## What to produce
Below, locate the line that contains "Cirium飞机运营产品主管". Repeat exactly from that line to the line that contains "兵庫県からお越しいただき、1", inclusive, leaving out the pictures.

## Source data
══════
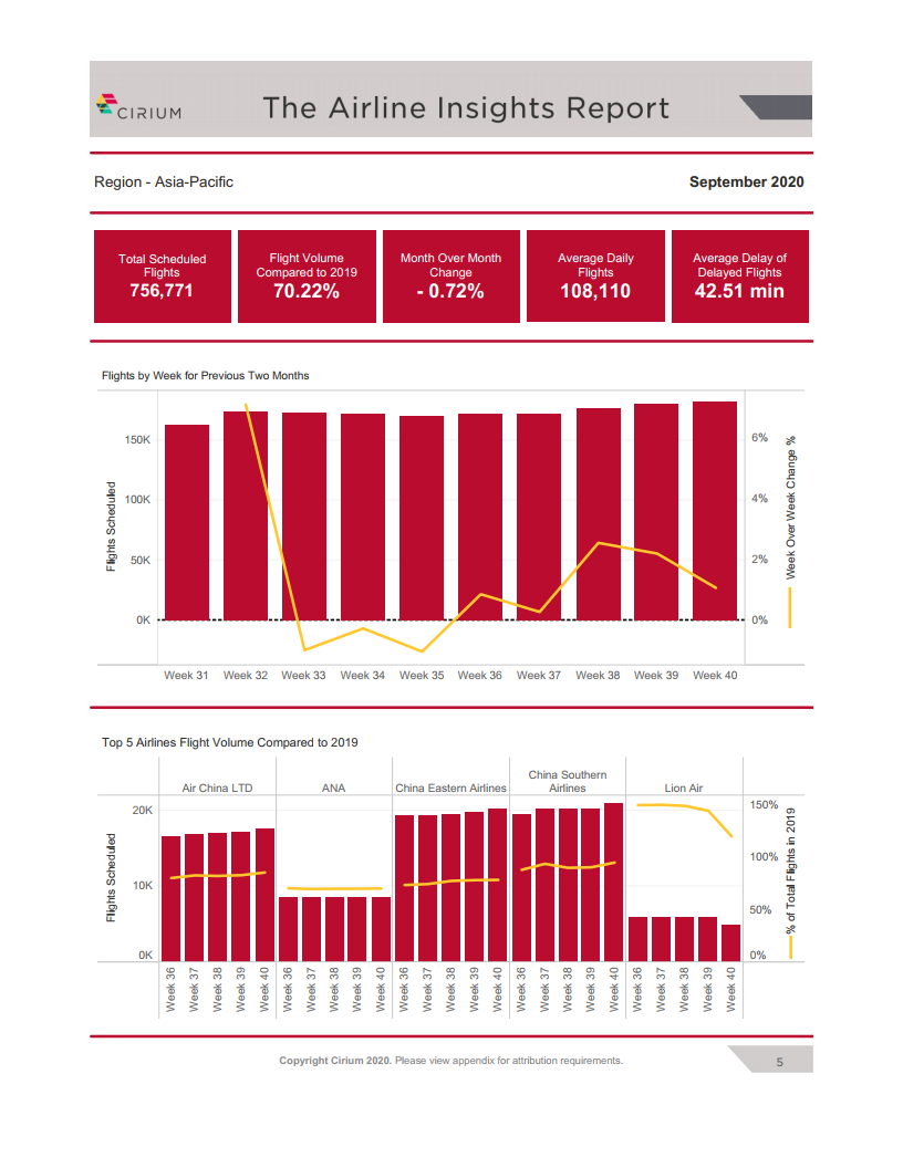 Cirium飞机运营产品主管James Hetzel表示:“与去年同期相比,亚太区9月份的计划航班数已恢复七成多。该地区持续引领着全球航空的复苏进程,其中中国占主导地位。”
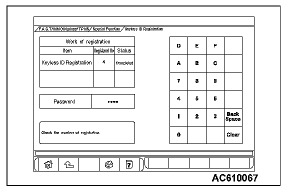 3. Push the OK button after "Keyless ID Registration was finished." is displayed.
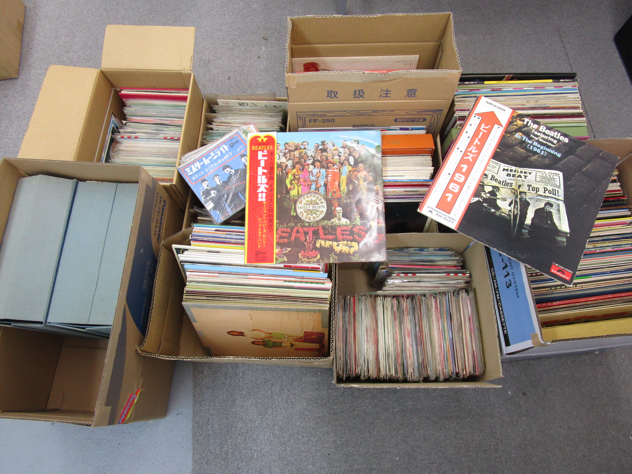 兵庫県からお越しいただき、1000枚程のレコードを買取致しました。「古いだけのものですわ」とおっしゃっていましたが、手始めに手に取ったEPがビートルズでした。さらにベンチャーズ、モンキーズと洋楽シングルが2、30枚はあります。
══════
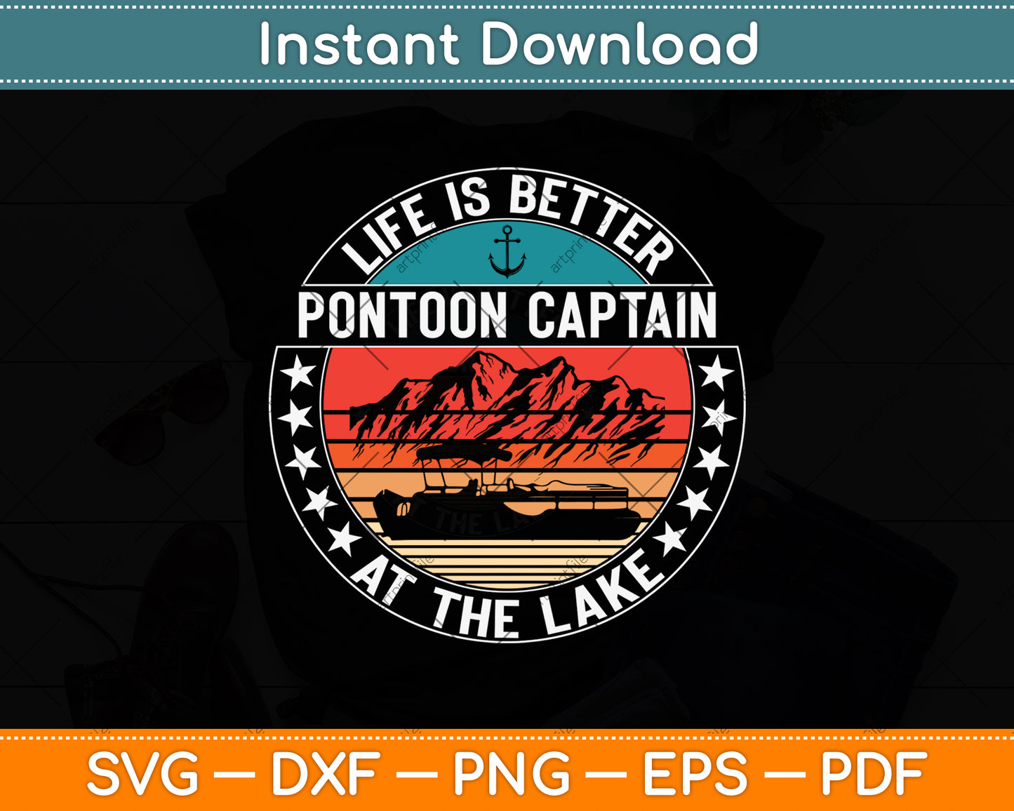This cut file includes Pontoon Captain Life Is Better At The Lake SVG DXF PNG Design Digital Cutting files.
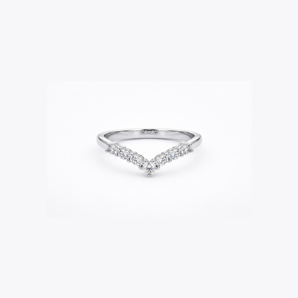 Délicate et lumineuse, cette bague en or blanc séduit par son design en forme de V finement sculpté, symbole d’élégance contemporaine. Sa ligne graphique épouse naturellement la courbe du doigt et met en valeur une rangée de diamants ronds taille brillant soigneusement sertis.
══════
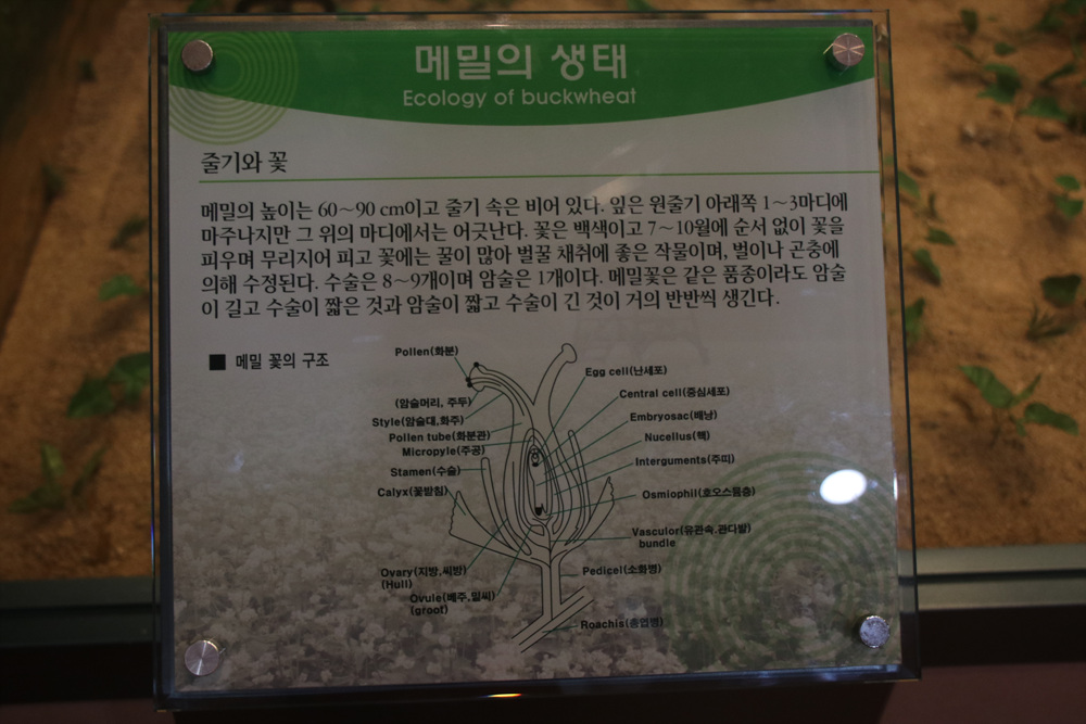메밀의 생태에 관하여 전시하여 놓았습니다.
══════
## Answer for the task
 Cirium飞机运营产品主管James Hetzel表示:“与去年同期相比,亚太区9月份的计划航班数已恢复七成多。该地区持续引领着全球航空的复苏进程,其中中国占主导地位。”
 3. Push the OK button after "Keyless ID Registration was finished." is displayed.
 兵庫県からお越しいただき、1000枚程のレコードを買取致しました。「古いだけのものですわ」とおっしゃっていましたが、手始めに手に取ったEPがビートルズでした。さらにベンチャーズ、モンキーズと洋楽シングルが2、30枚はあります。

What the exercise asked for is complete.